Reimer, 63, said she is most concerned by the impact the levy, combined with rising utility bills, will have on seniors and their fixed incomes.
She said she is grateful to still have the income from her job as a cleaner, but she is not sure whether she will be able to afford to keep her home when she retires in the coming years.
Reimer said it would make more sense for the city to phase in tax and utility increases rather than implementing sudden, more dramatic hikes.
“To me it’s harsh” the way costs went up, she said.
Asked last month whether he supported the special levy, Huntley, then a mayoral candidate, said he would like to further examine the fee and its possible extension “because I believe there are some problems with it.”
Huntley added he would prefer a base tax to the levy.
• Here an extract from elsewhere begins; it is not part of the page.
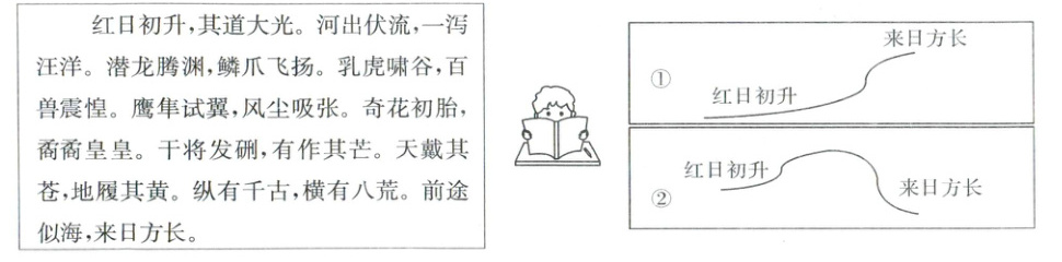 (1)①【解析】本题考查对朗诵语气的掌握。这段文字用了很多自然意象,比如红日、河流、潜龙、乳虎、鹰隼、奇花,还有干将剑,这些都是充满力量和朝气的象征。作者通过这些意象来表现少年中国的蓬勃发展和光明未来。整体基调应该是上扬的,因为内容积极向上。每一句末尾可能需要稍微上扬,尤其是四字短语,比如“其道大光”“一泻汪洋”,这些词语要读得有力,体现出气势。所以整体情感应该是激昂、充满希望的。故选①。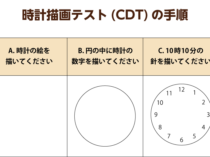- 時計描画テスト: 注意力や実行機能を評価する簡易な方法です。このテストでは、被験者に時計を描かせます。

The Manitoba government, however, won’t let municipalities charge a base tax.
As a private citizen in 2012 and 2013, Huntley attended three public meetings to discuss the levy.
“My fear is that the seniors in the uptown area and the South Hudson area [are] going to suffer from this,” Huntley told council in April 2013.
At the same meeting, Huntley said the levy would have the effect of upping taxes on low-end homes while decreasing them on high-end homes – “and I think we should all just realize that that’s what we’re doing.”
Months later, at the Manitoba Municipal Board’s hearing on the levy proposal in August 2013, Huntley said he conditionally supported the fee given that it was being implemented for one year.
At the time, Huntley said reviewing the levy’s impact after a year would be vital to determining where and whether it is inflicting “real pain.”
Huntley added he still had concerns about the impact on low-income residents, who would be “very hurt” if the levy was combined with utility rate increases and a possible broad reassessment of properties.
When Huntley made those statements, no one knew for sure what the precise cost would be for low-end homeowners.
According to the city, while low-end homes faced major increases in percentage terms, the highest single dollar amount was $340.
As defenders of the levy have pointed out, a number of high-end homes have regularly faced larger annual increases than that.
This year, for instance, a homeowner in the Willowvale area reported a tax hike of nearly $900 for a total tax bill in the range of $4,300.